Se pose alors la question de savoir ce que faisait « Eolika » dans nos eaux ? Les membres de l’équipage étaient-ils tout simplement de passage au Sénégal pour s’approvisionner en carburant comme ils ont voulu le faire croire ? Cette affaire révèle-t-elle l’existence d’un réseau de trafic d’armes et de munitions en vue de la déstabilisation d’une région ou d’une autre de la planète ?
Autant de points d’interrogation que l’instruction devrait élucider avec l’aide ou la coopération du manager de la société Fast Marine Corp, Theodoros Rellos, coffré au même titre que ses employés par la justice sénégalaise.
Qu’à cela ne tienne, cette affaire pose avec acuité le débat sur la vulnérabilité de l’espace maritime qui, ces dernières années, est utilisé à outrance par des malfaiteurs. Les nombreuses saisies faites par les différents corps chargés de surveiller nos côtes et les unités douanières en faction au port de Dakar l’ont démontré.
Entre le 26 juin et le 1er juillet 2019, la Douane sénégalaise avait mis la main sur 1110 kg de cocaïne cachés dans des véhicules de marque Renault en provenance du Brésil. Cette grande quantité de drogue était transbordée et devait reprendre la route à partir de Dakar pour l’Europe. À l’époque, cette grande prouesse de la douane avait soulevé un grand débat autour de l’implication de sénégalais dans ce trafic international de drogue. C’était le cas dans la mesure où des nationaux se sont fait arrêter pour leur supposés liens avec les narcotrafiquants.
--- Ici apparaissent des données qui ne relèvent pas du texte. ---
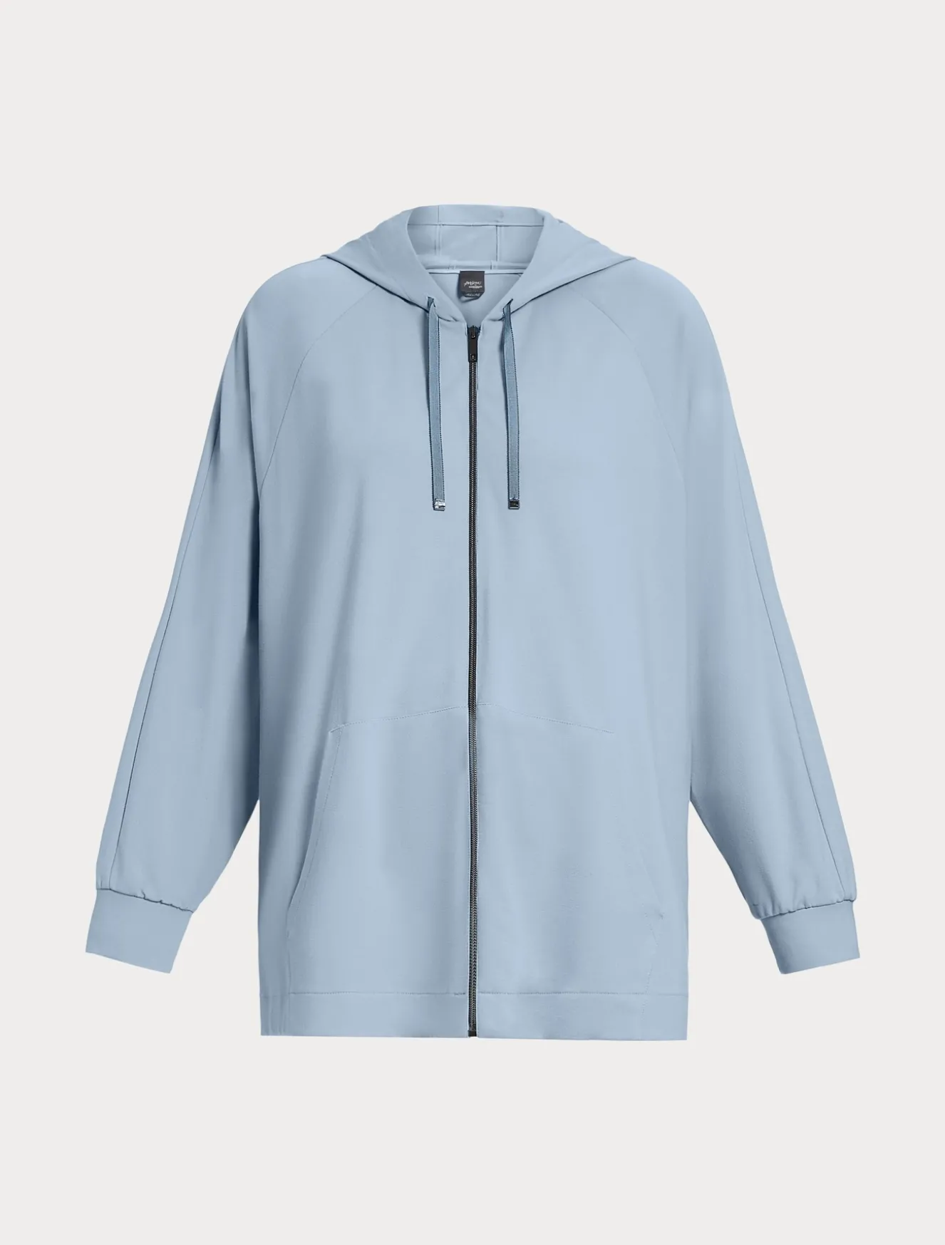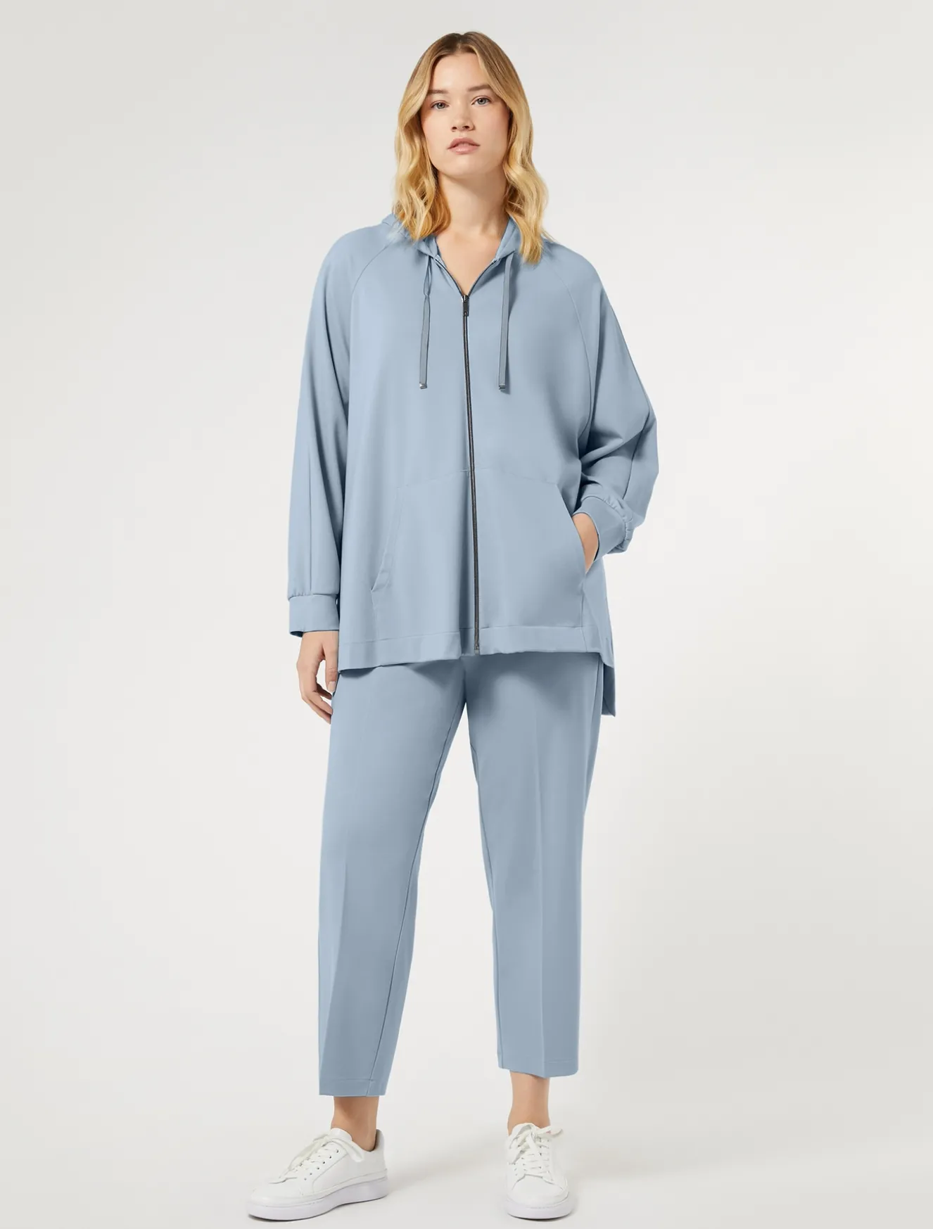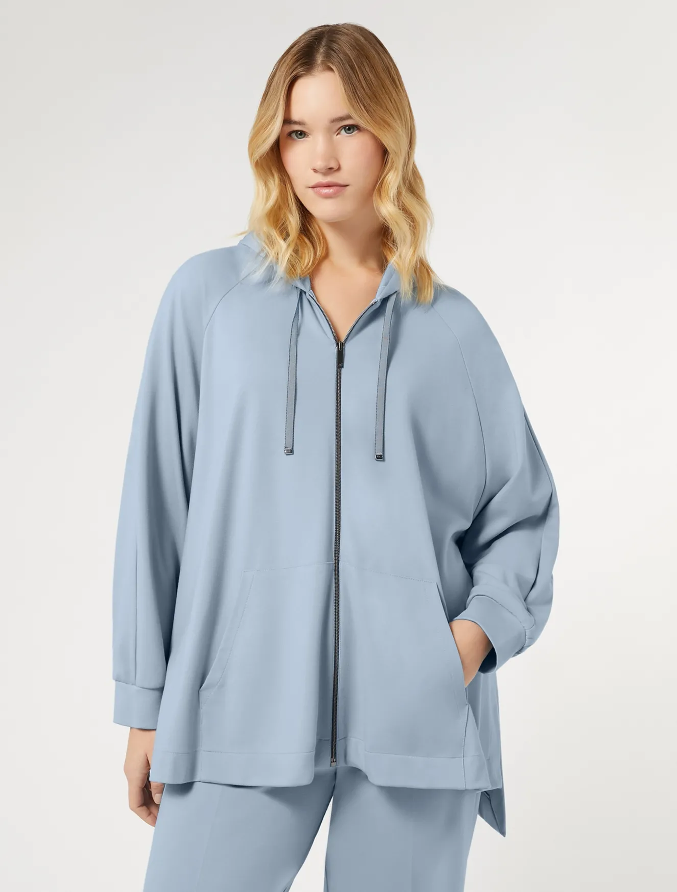 Diese Jacke aus Jersey im Jogging-Stil mit funktionellen Details wie einer Kapuze mit Kordelzug und Kängurutaschen sorgt für stylische Bewegungsfreiheit.Das Kleidungsstück ist Teil der Kollektion Persona by Marina Rinaldi.

Cependant, cette opération n’a pas ralenti les activités ces derniers qui sont déterminés à faire du Sénégal une zone de transit de choix.
La fréquence avec laquelle ces saisies sont réalisées prouve la grande mobilisation dont la traque des trafiquants fait l’objet au sein des services spécialisés. En même temps, elles servent de baromètre pour mesurer l’intérêt suscité par l’Atlantique chez les narcotrafiquants et les malfaiteurs, en général.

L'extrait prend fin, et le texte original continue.